A 62-year-old Japanese female patient, who had been diagnosed with type 2 diabetes mellitus 10 years prior and was on a stable treatment regimen of metformin, dapagliflozin, and insulin glargine (12 units), noticed that her morning fingerstick glucose readings had dropped to below 70 mg/dL and reduced her insulin self-injection dosage. Within a week thereafter, she developed a fever and right lower abdominal pain and visited our outpatient clinic. Her laboratory findings were as follows: white blood cell count, 9800/μL (reference range: 3300-8600/μL); C-reactive protein, 2.73 mg/dL (27.3 mg/L, reference range: <0.14 mg/dL; <1.4 mg/L); blood glucose, 70 mg/dL (3.89 mmol/L, reference range: 60-110 mg/dL; 3.33-6.11 nmol/L); lactic dehydrogenase, 2609 U/L (reference range: 124-222 U/L); creatinine, 0.93 mg/dL (82.2 μmol/L, reference range: 0.46-0.79 mg/dL; 40.7-69.9 μmol/L); and urinary leukocytosis. Moreover, abdominal computed tomography (CT) revealed pyelonephritis, and a large perirenal tumor. She received oral levofloxacin (500 mg daily) without symptom relief. Several days later, she discontinued all her medications because her fingerstick glucose level decreased to 35 mg/dL (1.94 mmol/L). Re-examination after 1 week revealed spontaneous hypoglycemia (25 mg/dL [1.39 mmol/L]) and impaired renal function (serum creatinine, 1.42 mg/dL [125.5 μmol/L]; blood urea nitrogen, 31.1 mg/dL [11.1 mmol/L], reference range: 8-20 mg/dL [2.9-7.1 mmol/L]); accordingly, she was urgently hospitalized.

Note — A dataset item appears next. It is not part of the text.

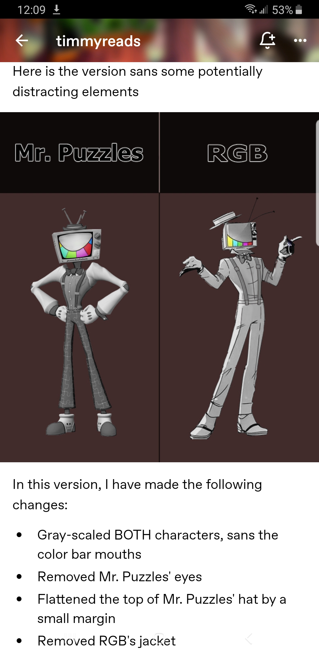 >>153134370Mr puzzles is likely a copped design. Not in an evil way, but more in a looked up TV head characters on google images, saw this design, thought "hey this looks cool" and just copied it subconciously. Happens to a lot of artists

Upon admission, she had a height of 165.0 cm and a weight of 85.4 kg. She had a blood pressure of 117/65 mmHg, a pulse rate of 114 beats/min, a clear consciousness level with no cognitive, behavioral, or psychomotor impairment, a body temperature of 37.4 °C, and an oxygen saturation of 100% on room air. The only remarkable finding upon physical examination was tenderness in the right lower quadrant of her abdomen. The findings of the endocrine tests when her blood sugar level was 32 mg/dL (1.78 mmol/L) were as follows: immunoreactive insulin, 1.0 μU/mL (7.2 pmol/L) (reference range: 5-25 μU/mL [35.9-179.4 pmol/L]); C-peptide, 0.89 ng/mL (0.29 nmol/L) (reference range: 0.61-2.09 ng/mL [0.2-0.69 nmol/L]); growth hormone, 0.68 ng/mL (0.68 μg/L) (reference range: 5-25 ng/mL [5-25 μg/L]); IGF-1, 21 ng/mL (2.7 nmol/L) (age-adjusted normal: 68-196 μg/L, [8.9-25.6 nmol/L]); cortisol, 19.8 µg/dL (546.3 nmol/L) (reference range: 4.0-18.3 µg/dL [110.4-504.9 nmol/L]); adrenocorticotropic hormone, 33.9 pg/mL (7.46 pmol/L) (reference range: 6.6-63.2 pg/mL [1.5-13.9 pmol/L]); anti-insulin antibody lower than the detectable limit of 0.4 U/mL; soluble interleukin 2 receptor, 4410 U/mL (reference range: 157-474 U/mL); and CA125, 326.8 U/mL (reference range: <35 U/mL). No hemolysis was observed in any of the above plasma or serum samples. Arterial blood gas analysis revealed respiratory alkalosis and lactic acidosis as follows: pH, 7.434; pCO₂, 24.8 mmHg; pO₂, 93 mmHg; HCO₃⁻, 16.6 mEq/L; extracellular base excess, −8 mmol/L; lactate, 46.6 mg/dL (5.2 mmol/L) (reference range: 3-17 mg/dL [0.33-1.89 mmol/L]); and a high anion gap of 24.1. Subsequent plain thoracic and abdominal CT revealed significant enlargement of the perinephric tumor within the week (Fig. 1).

Figure 1.

Computed tomographic scan at the first outpatient visit. Coronal (A) and axial (B) planes of the abdomen showing bilateral perirenal tumors (arrows).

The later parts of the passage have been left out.